Mitigating evaluator bias and blind spots
Automated feedback accelerates iteration, but it’s not a replacement for human judgment. Recommended mitigations:
- Run an ensemble of evaluators (different models or model versions).
- Calibrate automated scores against a labeled human sample periodically.
- Introduce adversarial tests to surface failure modes.

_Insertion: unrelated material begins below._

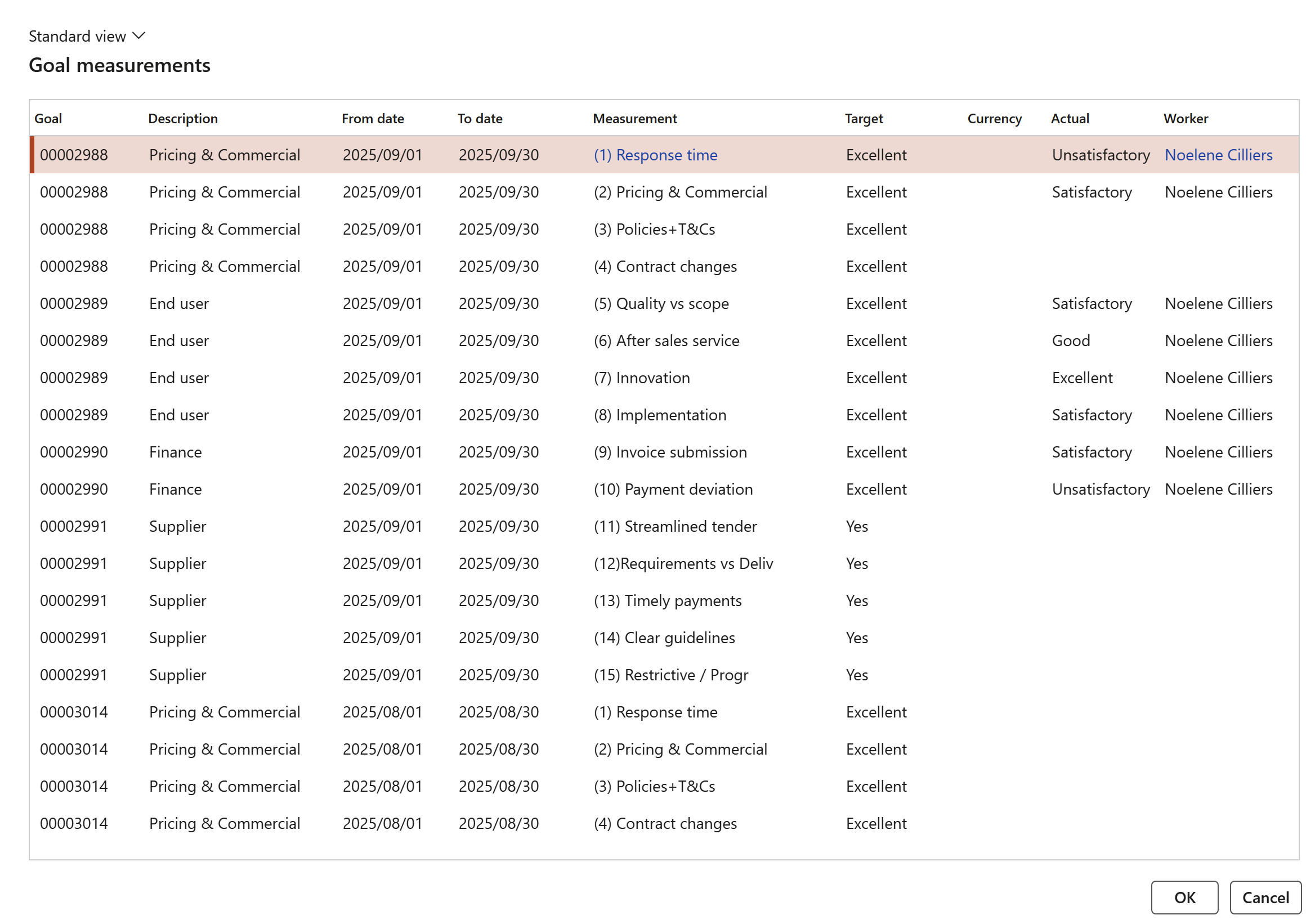 The Actual column will be updated with the values entered on the Goal after scoring/measuring has been done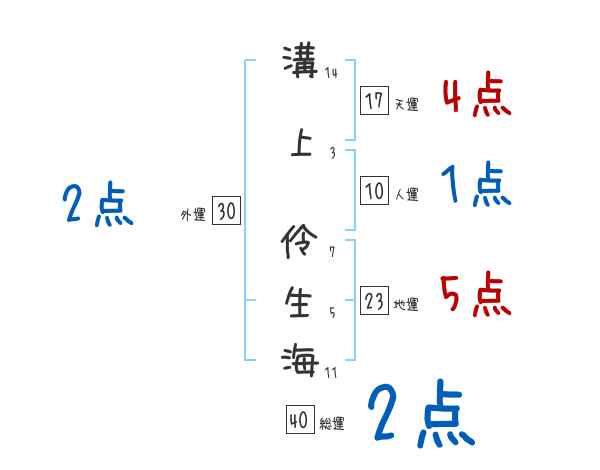 | 地運  | 溝上伶生海さんの地運は23画の5つ星!想像力に優れ活力がある。一代で成功し名誉を手に入れる。個性を表す基礎的な運勢です。性格形成や対人関係、行動力など家庭環境に影響されます。主に誕生してから20歳くらいまでの若年期の運勢を表します。 |

- Keep humans in the loop for policy-sensitive or high-risk outputs.
Quick appendix
Sample span attributes to record
- query_text
- retrieved_ids, retrieval_scores
- prompt_variant
- gen_text, gen_tokens, gen_latency_ms
- feedback.{groundedness, answer_relevance, context_relevance}
Board-ready KPIs
- % Grounded answers (target: defined by domain)

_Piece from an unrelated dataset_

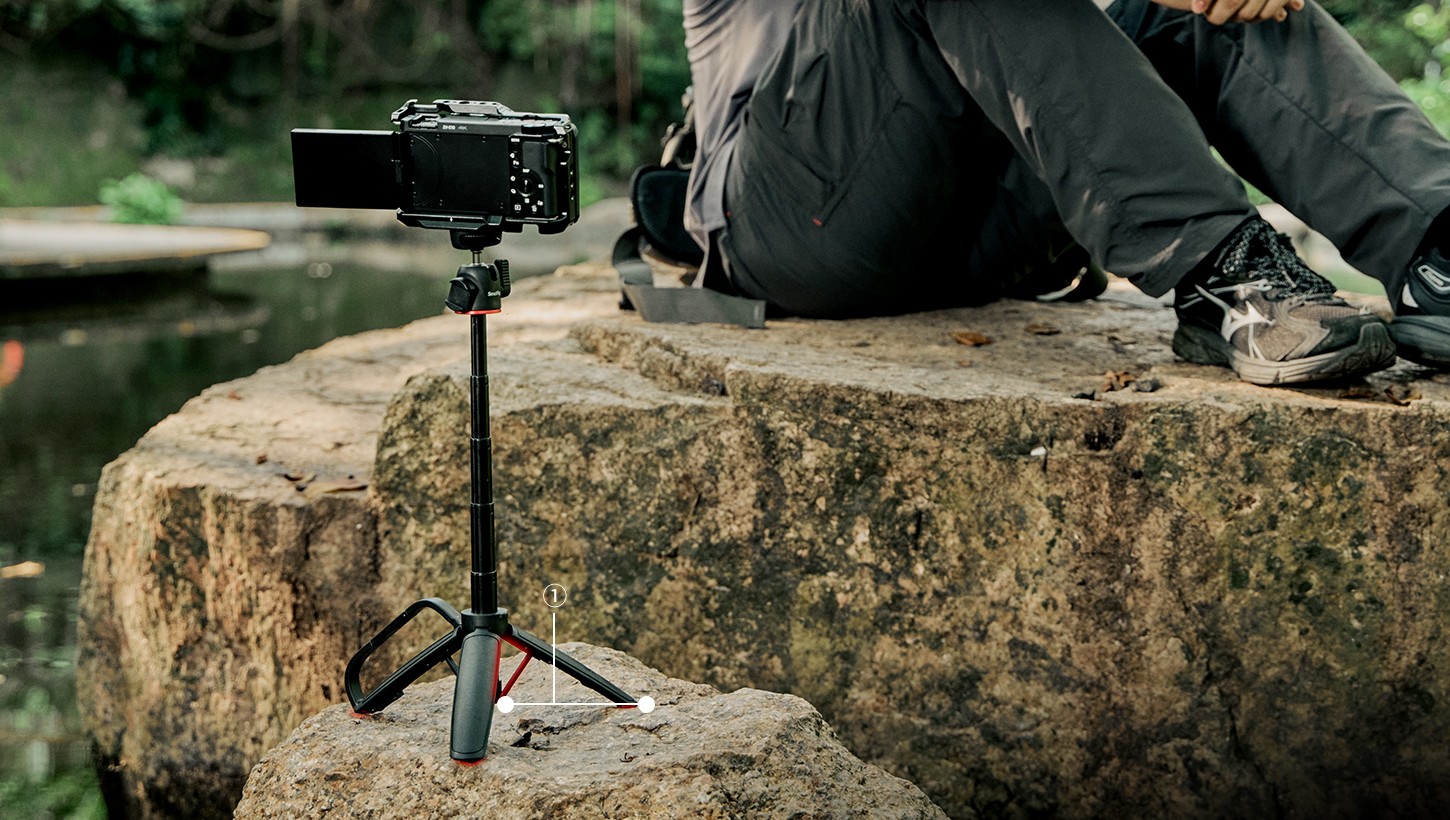 ①Silicone foot pads and stabilizing leg braces secure your shot on any surface

- Average answer relevance
- Avg latency (ms)
- Eval cost per query
- Month-over-month change in hallucination rate
Actionable next steps
- Prototype: Run the notebook with in-memory Chroma and TruLens to gather initial traces.
- Validate: Calibrate automated feedback against 200 labeled questions from your domain.
- Pilot: Move to a managed vector DB and introduce RBAC and retention policies for traces.
- Productionize: Set SLOs for groundedness and latency; integrate trace alerts into incident workflows.
Frequently asked questions
How do you capture and inspect what an LLM used to produce an answer?
Record each retrieval and generation call as a trace span, storing inputs, retrieved chunk IDs and scores, token usage, and outputs. These structured traces let you inspect exact provenance for any response.
How do you convert “seems right” into measurable signals?
Attach automated feedback functions (groundedness, answer relevance, context relevance) implemented as evaluator calls. Store scores per-trace so you can compute per-variant averages and drill into failures.
Does a stricter prompt reduce hallucinations?
Usually. Forcing strict citations and limiting the model to provided context reduces unsupported assertions but increases the rate of conservative “I don’t know” replies. Measure the tradeoff against your business goals.
Can this scale to production?
Yes. The notebook pattern is prototyping-friendly. Production requires persistent vector stores, embedding and eval cost controls, governance for trace data, and integration into monitoring and incident workflows.
Instrument early, measure consistently, and make traceable choices. When teams can point to the context that produced an answer and a numeric score that describes how well it’s supported, LLMs move from opaque risk centers to auditable AI agents that businesses can rely on.